At the International Meet, Brunei (Photo: courtesy Khurshid Mistry)

Khurshid does not hide her desire to do well. Probably realizing what she is up against in terms of risk of injury, she does not run at every event showing up on the horizon. She picks and chooses. “ Everything in training depends on what is the competition I am gearing up for. I don’t do many events,’’ Khurshid said. In sprint season – which she finds easier to handle – she usually moves through the state, national and international level of competitions under Masters Athletics. In marathon season, it is typically not more than one half marathon a month with occasional departures to two half marathons. Ever since she started going for Masters, she has been a podium finisher in her age category all the way up to the Asian championships. In April 2017, she achieved a longstanding dream – she participated in the World Masters Games in Auckland, New Zealand. She qualified for the final in the 100m and 200m sprint disciplines but couldn’t secure a podium finish in the final. She finished fifth in 100m and sixth in 200m. Khurshid is very happy that she could participate in the world championship. That had been a goal in her Masters Athletics journey. Since 2008, Khurshid has won gold medals in 100m, 200m, 400m, 4 x 100m relay and 4 x 400m relay at seven state level and seven national level Masters Athletics meets. Additionally, she secured one gold medal at the Asian Masters Athletics meet held in Malaysia, five gold medals at the international meet in Brunei and one gold medal and two silver medals at the international meet in Johar, Malaysia. “ Khurshid is primarily a sprinter. But she manages to run half marathons very well. The training for each of these is difficult. She does the training with much dedication.  Very few people can do that,’’ Pervin Batliwala, among the best known senior marathoners in Mumbai said.

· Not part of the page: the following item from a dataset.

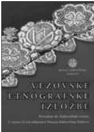
Branka Uzelac: Vezovske etnografske izložbe
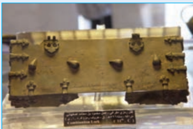
شکل ۴-۲- قفل رمزخوان انری متعلق به قرن ششم ه.ق - عجب‌شیر

۱- دوره مادها: مادها قوم کوچ رو و رمه‌گردان آریایی نژاد بودند که از هزاره دوم قبل از میلاد به فلات ایران مهاجرت کرده‌اند و در شمال غرب این فلات ساکن شده‌اند. مادها به پرورش اسب معروف بودند. به گفته هرودت مورخ یونانی (قرن پنجم ق.م) مادها متشکل از شش قبیله بودند که در نواحی لرستان، کردستان، همدان و آذربایجان پراکنده شده بودند. بعد از اتحاد با دولت «ماننا» دولت آشور را شکست دادند و نخستین دولت آریایی را به رهبری «دیا کو» (۷۰۱ یا ۷۰۸-۶۵۵) ایجاد کردند و به این خاطر آذربایجان را کشور «ماد» می‌گفتند.

From the Masters Athletics World Championship in Auckland, New Zealand (Photo: courtesy Khurshid Mistry)

Between sprint and endurance, Khurshid wants to focus on the former till she feels it is no longer reasonable to continue. We use the word `reasonable’ because in her case, giving what she is doing, her best shot, matters. “ Till I can do sprinting, I will keep doing it. Endurance can be pursued at any age. Sprinting is my forte. Why shouldn’t I do what is my forte for as long as I am capable of doing it well?’’ she asked. Besides, she confesses to being a bit impatient in wanting to see the outcome of a race she started. With sprint events, the result is available soon. “ I sometimes find the half marathon never ending,’’ she said. For now therefore, there is no thinking of the full marathon. If Khurshid is to do it, then, she will need to train well, train with focus; train for at least one year. “ I am a perfectionist. I do only things I am good at. Otherwise, I don’t do it at all,’’ she said. If she shifts to the full marathon in lieu of the half right now, the problem is – that will reduce her overall speed and compromise her ability in sprinting. She does not want that. She takes injuries in her stride, rationalizing, “ with time, I have learnt to take care of them.’’ As for her drive to sustain the current mix of sprinting and half marathon and excel at it, she attributed that to her innate character. “ I used to tell my father that I want to achieve something in life,’’ she said.

(The authors, Latha Venkatraman and Shyam G Menon, are independent journalists based in Mumbai.)